Steven Altschuler: Our view is that you try to care for the patient in the most appropriate venue, based on their acuity, or how sick they are. If you are a kid that has an ear infection, you can be seen in a primary-care office. If you have recurrent infections and need ear tubes, that can done in a day surgical unit off campus. Our relationships with community hospitals are quite important, first as a source of referrals, and to make sure we have a proper complement of these different venues.

The hospital at our main campus then will basically become a 500-bed intensive-care unit. Only the kids that need the most specialized services will be cared for there. Everyone else would be cared for out in the community, where it's much more convenient for the family and the cost of care is a lot less.

Q: You have an aggressive building plan for the main campus. Is there any concern about being overcommitted while the industry is in flux?

Altschuler: That's a very valid question. There's always anxiety. We have a $2 billion capital plan for the next seven years. That includes more than $700 million for a new state-of-the-art outpatient center and an investment in information technology. There's additional money to build specialty centers in Princeton and King of Prussia.

The outpatient center has two major components. You could theoretically stop at the first if conditions change. We could put the brakes on if we need to.

Q: CHOP may lose $21 million for training new pediatricians in a proposed Medicaid cut. How will that impact you?

Altschuler: We're one of the largest recipients of that money. There was a realization in the mid-'90s that training for pediatricians was in peril, and the Medicaid program was instituted. It really did what it was supposed to do. There was a substantial increase in training slots nationally.

With this cut, you will see a dramatic decrease. It's happening when there is a need for more training. With health-care reform, there will be more people insured and more people looking for access to high-quality medical care. If you cut training, you're really going to hurt access. This is a critical policy mistake. We're trying to reverse it.

Q: Children's has been pushing its brand abroad. Why?

Altschuler: Our international health program is an initiative to bring more complex patients here from around the world. If you think about the care of very specialized patients, the more experience you have, the more volume you can generate, the better the quality.

We've been actively marketing the program. Our team will actually go to Embassy Row down in Washington, D.C., and speak directly to the medical attachés and talk with them about the different programs we have. Early next month, I'm accompanying [senior vice president] Cynthia Haines and some doctors to Hong Kong and Singapore to try to develop that market.

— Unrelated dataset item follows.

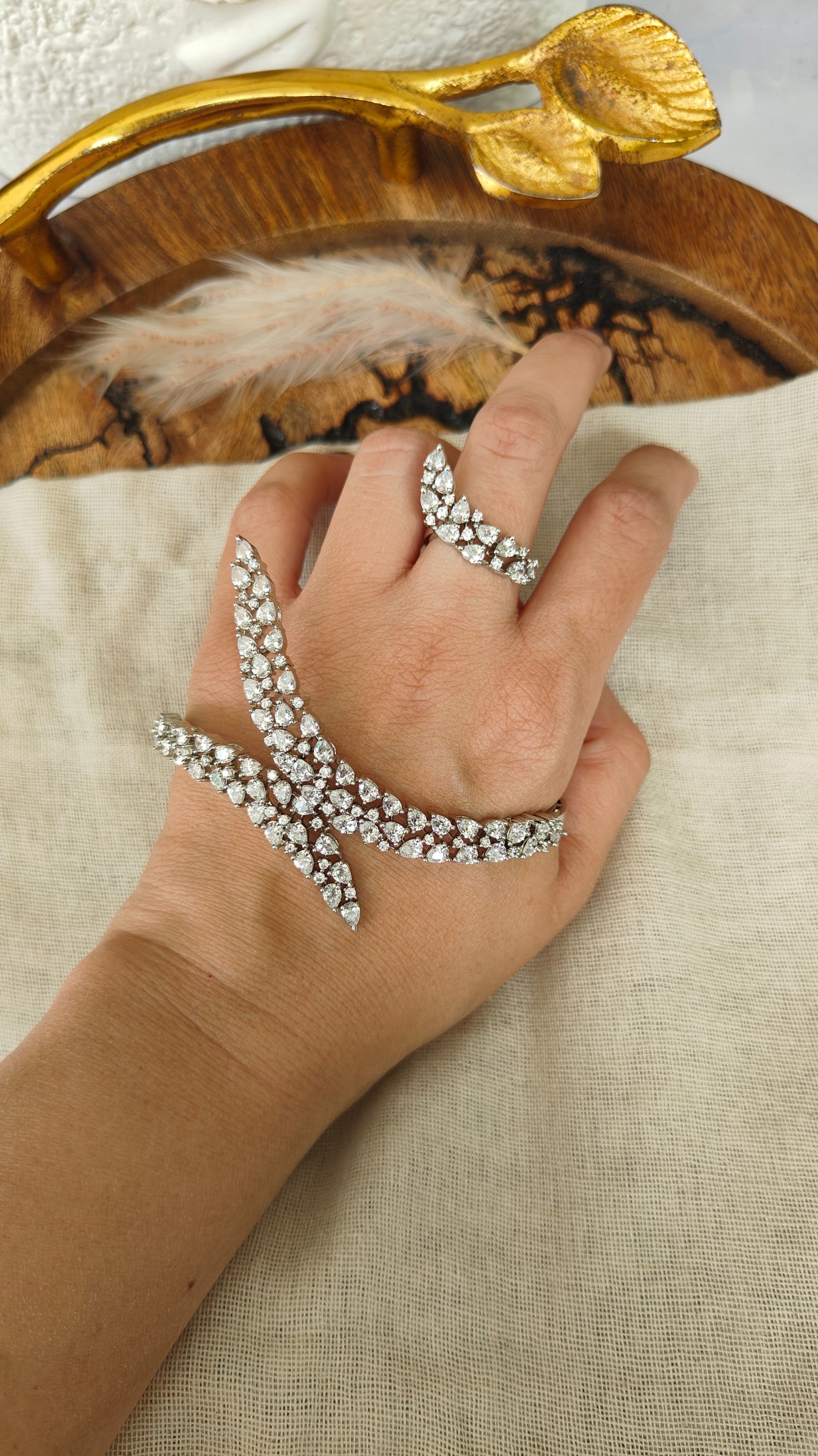 Striking, sculptural, and undeniably glamorous, the Zehra Crystal Palm Harness is designed to make a bold statement. This exquisite hand accessory seamlessly combines a statement ring with a cascading palm cuff, connected through fluid strands of shimmering stones that elegantly trace the contours of your hand.

We're looking at other relationships in South America.

What's very clear about health-care reform, no matter how you cut it, is there's going to be less revenue per patient. This has become one of our strategies for revenue diversification. Typically the rate of reimbursement [for international patients] is higher. The majority come from the Middle East - Qatar, Dubai, Saudi Arabia, Kuwait. Health care for most of those patients is paid by their governments. With their natural-resource revenue, they tend to be able to afford it. In 18 months, the revenue on that program has grown from $6 million to $30 million.

Q: As you grow here and abroad, how do you protect the hospital's brand?

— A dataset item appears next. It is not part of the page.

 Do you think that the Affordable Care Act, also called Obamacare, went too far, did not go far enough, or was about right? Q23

Altschuler: Internationally, in some ways, it's easier. We bring patients here as opposed to shipping CHOP facilities away.

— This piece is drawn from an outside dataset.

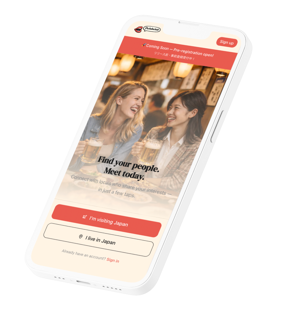 Pechakuchatは、訪日旅行者と日本にいるローカルが、旅先で「安心して」1対1の交流ができるサービスです。

Regionally, the issue of preserving the brand becomes very important. We provide cardiology services in New Brunswick at St Peter's University Hospital, for example, so that's about 80 or 90 miles away. [To carry the brand] we have one information system for our entire network. We utilize the same protocol at every facility. Most physicians, in addition to serving our network, provide care on the main campus.

Q: You've ushered the hospital through a lot of changes. What's next for you?

Altschuler: CHOP is a fantastic place. It's hard to find a job that's comparable. That said, there's going to be a point in time in the future where it would be appropriate for me to move on. These are very demanding jobs, both physically and mentally. Right now, I feel pretty good.